Analysis and comparisons of the growing swathes of genome data promise to impact greatly on some of the biggest challenges we face, opening up possibilities for new drugs, drought-resistant crops, disease-resistant livestock and new varieties of energy crops.
Dr Jane Rogers, Director of The Genome Analysis Centre. Copyright: BBSRC
In 2003, exactly 50 years after Watson and Crick unveiled the structure of DNA, an international consortium of scientists announced they had referenced the entire human genome with 99.99% accuracy. Since then more over 1,200 genome sequences have been published, of which more than 60 are vertebrates, including the mouse, pig, chicken, giant panda and the woolly mammoth. Two of the latest additions to this 'genome club' are the pea aphid and the zebra finch.
Copyright: ThinkStock 2010
Dr Jane Rogers, Director of The Genome Analysis Centre (TGAC), a BBSRC institute, explains why this is such an exciting time for science, "The technology developments that have emerged since the human genome was completed have already taken human genomics to a new level of investigation of the underlying causes of human genetic diseases. It originally took hundreds of scientists from around 20 labs all over the world 10 years to sequence the human genome. Things have moved on so much, it is now possible to sequence an individual's genome in a single lab in a matter of days."

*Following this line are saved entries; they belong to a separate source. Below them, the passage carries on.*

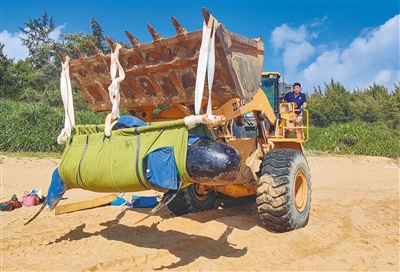 图2 1月3日,铲车将“海棠”吊起,准备运往三亚海昌生物保育中心。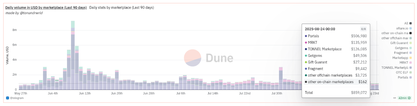Подарки торгуются на нескольких маркетплейсах, крупнейший из которых — Portals. Платформа удерживает 50–60% всех объемов торгов.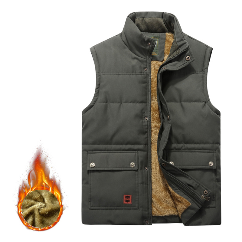 Mens Outdoor Water Repellent Thick Fleece Multi Function Pockets Solid Color Vest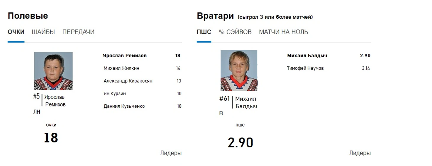 Начинаем с классики. Очки, голы, передачи у полевых, сейвы, сухари и коэффициент надёжности у вратарей.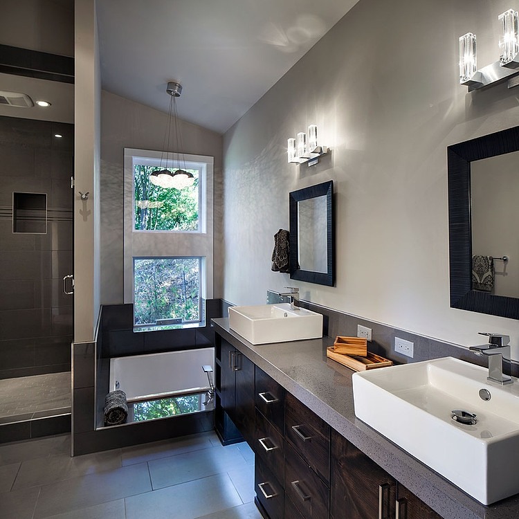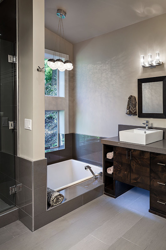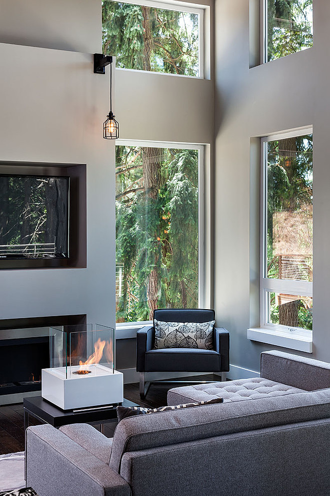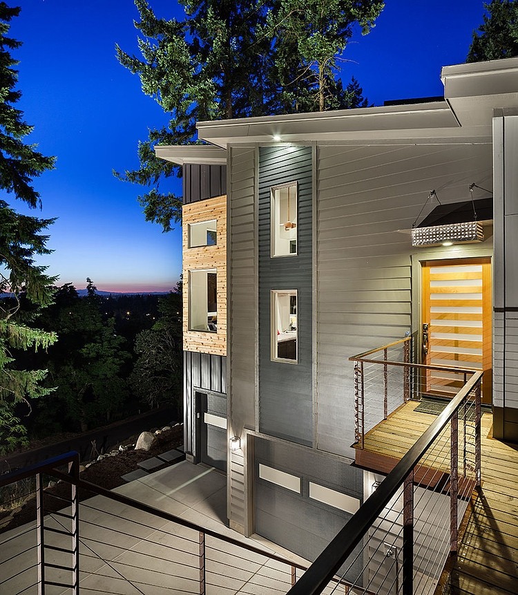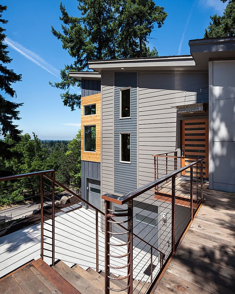 This modern industrial retreat designed by Jordan Iverson Signature Homes is situated amongst the trees at the top of a hilltop in Eugene, Oregon.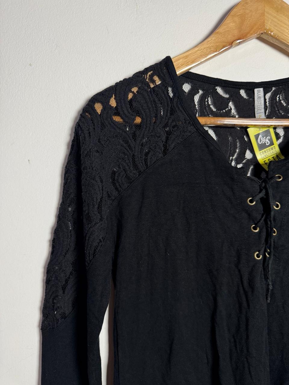 Blusa Trançada com Renda Black – Bluesteel – tam P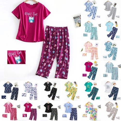 Ladies Pyjamas Set PRINT Pjs Summer Tops + Pants Lounge Wear Nightwear Plus Size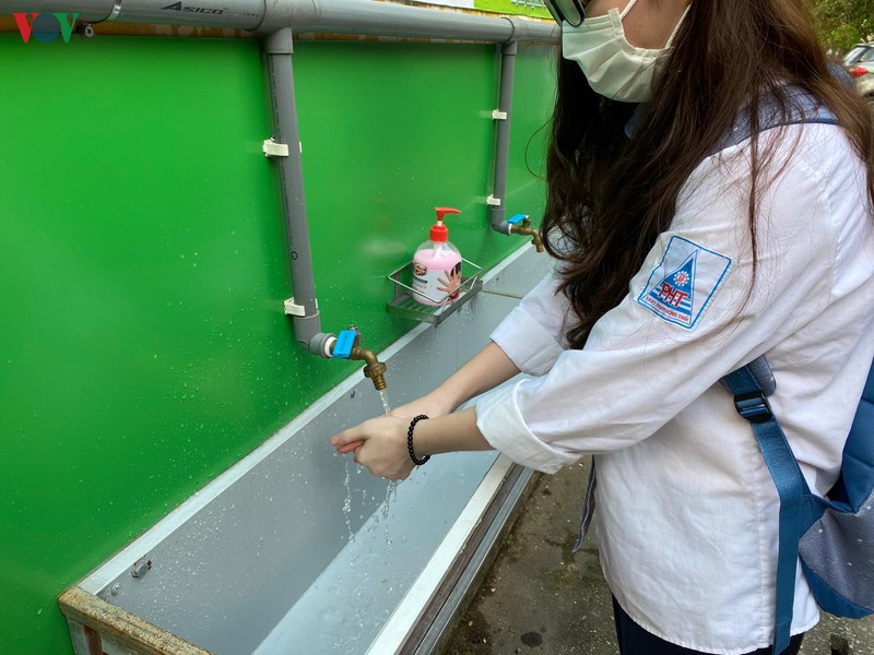 Trường THPT Phạm Hồng Thái (Ba Đình, Hà Nội) bố trí các bồn rửa tay ngay trên sân trường cho học sinh.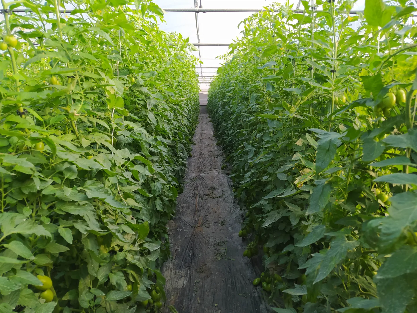 Figura 2- Piante di pomodoro verde estremamente rigogliose grazie all’azione veicolante di StimUp (Ragusa 2024)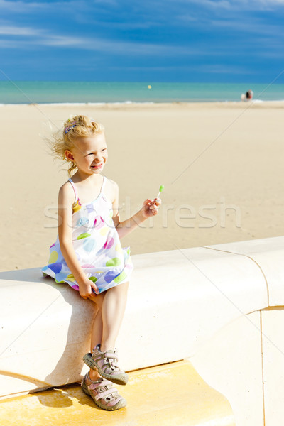 фото около Маленькие девочки на пляже моря на лете . изображение насчитывающей волосы, учить, выучьте - 34059365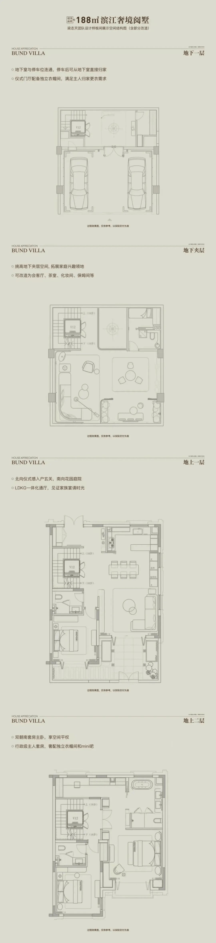 以“全两层+会所”的形态革新、花园露台地下室的全维空间、大面宽短进深的奢适格局,重构别墅生活场景。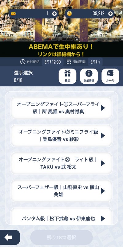 結果予想では、各対戦カードの勝敗や引き分けだけでなく、「KO・TKO勝ち」「判定勝ち」など勝敗の決まり方まで予想できます。予想成績上位の方にはサイン入りグッズやペアチケット等がプレゼントされます。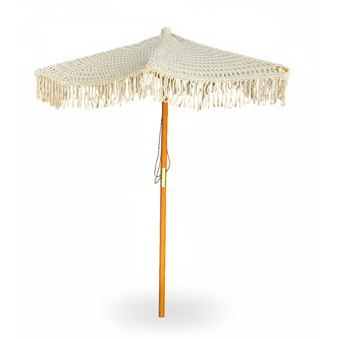 Maui - Parasol Macramé - poly-coton avec toile occultante amovible. Mât en bois de hêtre. Poulie double en zinc. Dimensions (Ø x H) 250 x 250 cm - Mât Ø 48mm - baleines 17 * 35mm - Certifié FSC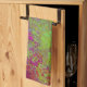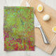 This bold, colourful kitchen towel features a splatter paint, abstract, grunge effect in magenta, bright neon green and orange.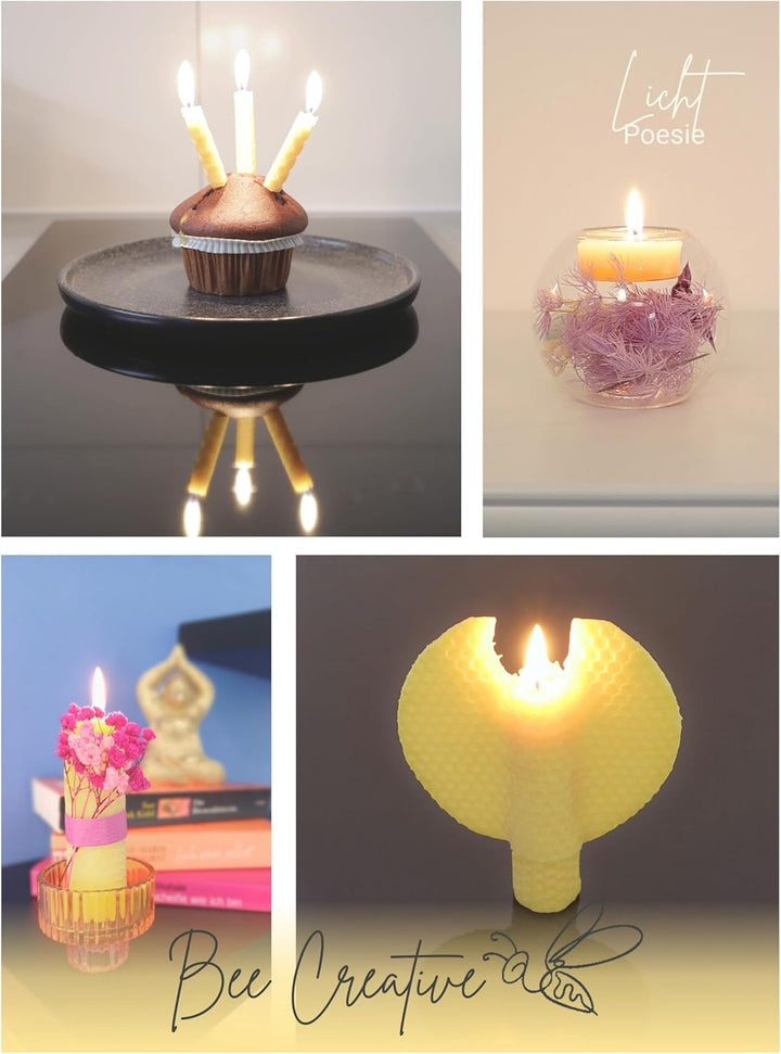 - 🍯 ECHTES BIENENWACHS AUS DEUTSCHLAND – Geniesse den typischen Honigduft und das warme Licht handgemachter Bienenwachskerzen. Unser Wachs ist naturrein, frei von Paraffin und künstlichen Zusätzen – für ein gesundes Raumklima und ein Stück Natur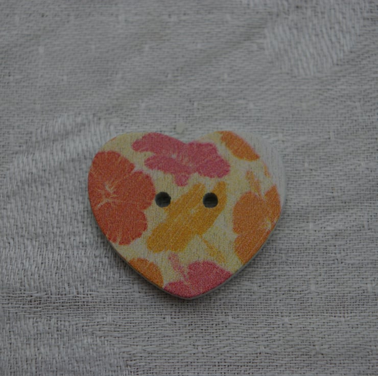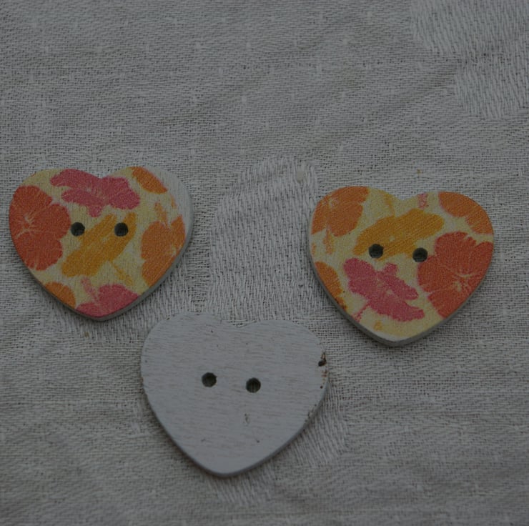 A set of 3 large wooden heart shaped buttons. Each button has first been painted white and then printed with bright cheerful orange, peach and pink coloured flowers. They are a 2 hole button. These buttons may be used in many different crafting projects.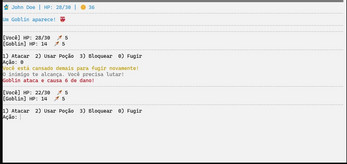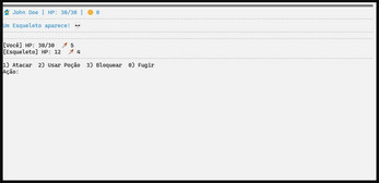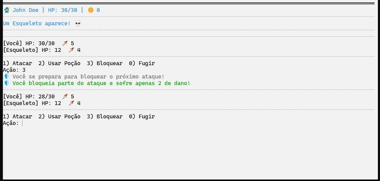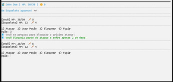 Foi adicionada a opção de bloquear ataques inimigos. Quando o jogador escolhe essa ação, o dano recebido é reduzido, criando uma mecânica de defesa que adiciona estratégia ao combate.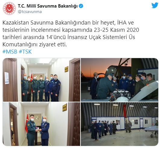 Ziyarete ilişkin Milli Savunma Bakanlığı'ndan yapılan açıklamada, "Kazakistan Savunma Bakanlığından bir heyet, İHA ve tesislerinin incelenmesi kapsamında 23-25 Kasım 2020 tarihleri arasında 14’üncü İnsansız Uçak Sistemleri Üs Komutanlığını ziyaret etti." ifadelerine yer verildi.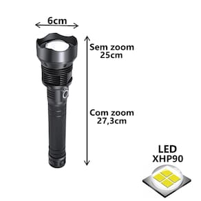 Uma lanterna, resistente e potente que é essencial em Caça, emergências, além disto, pode ser usada em seu trabalho, pesca, trilhas, montanhismo, Camping, escalada, sobrevivência, patrulha noturna, etc.Utilizando tecnologia de ponta, possui sofisticado Cree Led P90, a lâmpada de Led com uma enorme performance 3x mais eficiente que a famosa x900.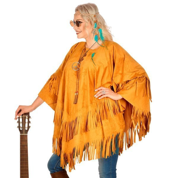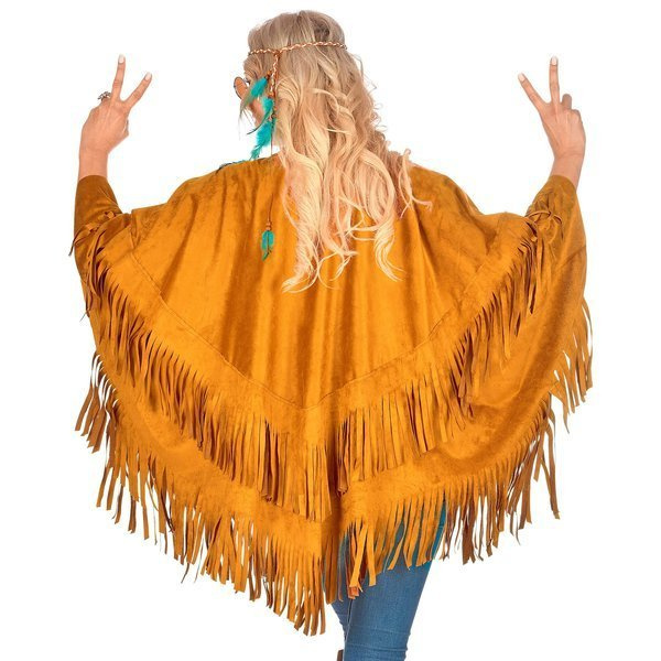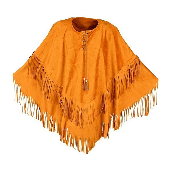 Ponczo w kolorze brązowym, wykończone frędzlami.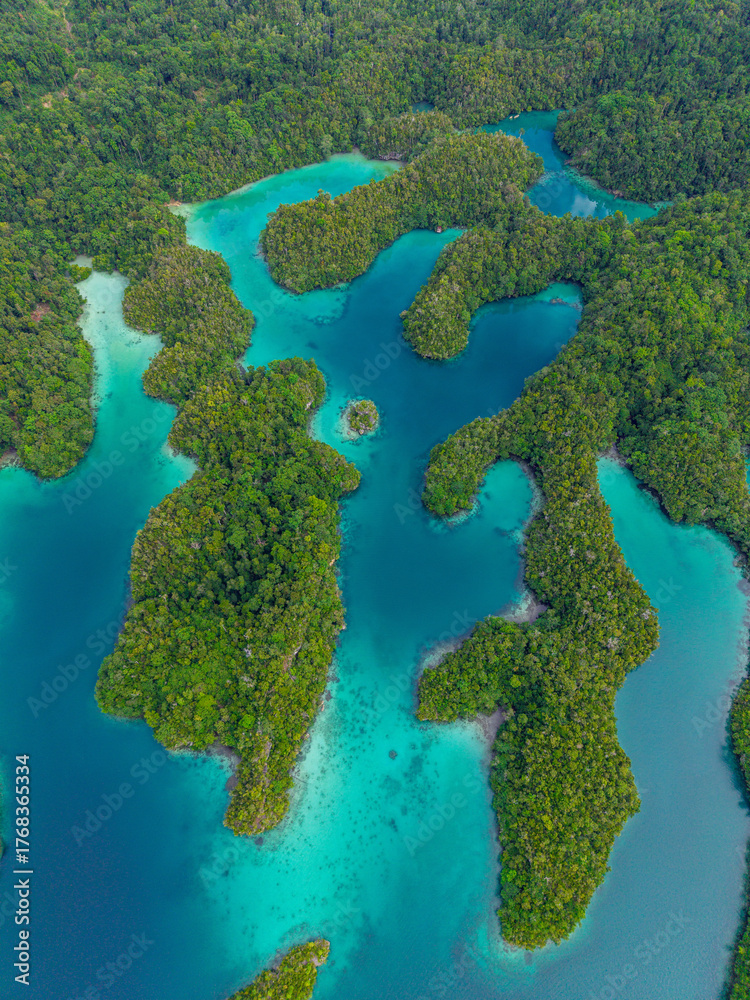 Aerial view of winding tropical lagoons surrounded by lush green islands and turquoise water in Raja Ampat, Indonesia.

Indeed, a number of individuals have had their genomes sequenced, including Archbishop Desmond Tutu. The 1,000 Genomes Project was launched in 2008 - an international consortium of scientists looking to sequence the genomes of at least 1,000 people from around the world, and catalogue the variation. And last year, another international consortium announced the Genome 10k project, whereby researchers plan to create a 'genome zoo' of 10,000 vertebrate species.
And for every headline-grabbing sequence, there are many more equally significant projects, such as the 1001 Genomes Project looking at whole-genome sequence variation in 1001 strains of the model plant Arabidopsis thaliana.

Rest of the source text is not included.